What's really interesting for me about multimodal architectures from the ground up is that we might start to see applications where different modalities are "facets" of the same thing. Like a coding agent that sees "code" + "IDE" + "memory mapping" + feedback from different plugins as different modalities. And it gets to output in them as well - text where it needs to, actions (not <action>call_something(params)</action> like we have today) and so on. Being able to "sit still" until one of the modalities triggers is really interesting.
We can do these things today, but they're "bolted on" as afterthoughts. Yet they work remarkably well. I wonder how well they'd work if trained int his combined regime, from the ground up.
Aside from how impressive the model is, the demos here are very well done! Quirky and short, unlike what we're used to from Anthropic and OpenAI.
Very cool! The demos felt fairly contrived - e.g., count things while I talk. I wonder what more useful or commercial applications look like.
Yes! This is a big thing ive noticed in all AI demos. If the best use case you can think of to show off yor tech is to book a holiday, that I could easily do myself, does your service really add much value? Or is it simply because the real uses will be nuanced and specialsed, and not suited for a quick general audience demo? I'm not sure.

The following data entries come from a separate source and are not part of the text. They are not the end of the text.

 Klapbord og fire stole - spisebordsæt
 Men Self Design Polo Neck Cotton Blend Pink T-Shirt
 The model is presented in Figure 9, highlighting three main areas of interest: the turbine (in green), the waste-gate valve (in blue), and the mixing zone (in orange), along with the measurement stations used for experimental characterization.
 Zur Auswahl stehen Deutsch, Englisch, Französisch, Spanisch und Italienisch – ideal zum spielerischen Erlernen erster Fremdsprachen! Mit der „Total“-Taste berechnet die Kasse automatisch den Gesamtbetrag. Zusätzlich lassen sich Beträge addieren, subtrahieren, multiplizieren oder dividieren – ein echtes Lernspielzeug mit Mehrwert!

In theory I would expect it to do everything the current frontier models are capable of but with the added benefit of real time interactivity for better collaboration. The biggest benefit may be the real time video input so it can take in that input in parallel with producing outputs steered by the input rather than taking in a video or all images at once and then producing a single output for all of that.
This looks similar to things people are already building locally with Gemma4 and TTS; just a bit fancier.

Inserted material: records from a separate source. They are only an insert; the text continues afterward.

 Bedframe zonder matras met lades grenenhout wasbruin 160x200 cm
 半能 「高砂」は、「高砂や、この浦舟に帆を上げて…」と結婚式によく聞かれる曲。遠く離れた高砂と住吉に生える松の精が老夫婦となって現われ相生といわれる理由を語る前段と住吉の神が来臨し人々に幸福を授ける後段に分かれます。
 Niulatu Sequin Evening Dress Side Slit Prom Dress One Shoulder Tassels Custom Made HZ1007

Local models will catch up soon.
Very cool demo, I wonder what would be the billion dollar applications of a thing like this.
Very cool tech. I think people are underrating how this will be used.
incredibly impressive demos. I wonder how the training data for these models look like?
is it separate batches of special "skills" that are added post training? how can they guarantee the models won't eventually lose a skill?
Simultaneous speech is best.
That's neat and definitely the next step. But to be honest, I don't want an AI talk to me like that.
Same here.
Presumably it will be possible to adjust that behavior with settings, the system prompt, etc. Not that most users will make such adjustments, though.
I'm currently teaching a class on AI-related issues at a university in Tokyo. Many of the students were surprised when I showed them that they can change the response behavior of chatbots to make them more or less verbose, sycophantic, etc. It shifted the direction of our discussions on the possible impacts of AI on the people who use it.
Really really cool. If they can serve this efficiently it would disrupt a lot of things.
am i the only person not impressed by this ? it just feels akward still with pauses and doesnt openai offer voice cadence already
Same here. I dont see anything there that nobody else can catch up on eventually. I must be missing something here. It's all cute, but mmm
What I will say is that this is probably the first model after gemini live to do some of these things. It feels similar to gemini live, which I don't think is what they were going for exactly, but IMO it is still impressive as I don't think anyone else has matched full duplex video/audio/tool calling.
Next gemini releases coming next week though, we will see how that matches up!
[dead]
This deserves to be at the top of HN, shame it seems like it's not going to make it. Some of the demos are hilarious. Clearly having the model appropriately choose when to speak is a major thing that has been missing from voice models to date. It seems like the latency is still a touch too high to be truly human-like though.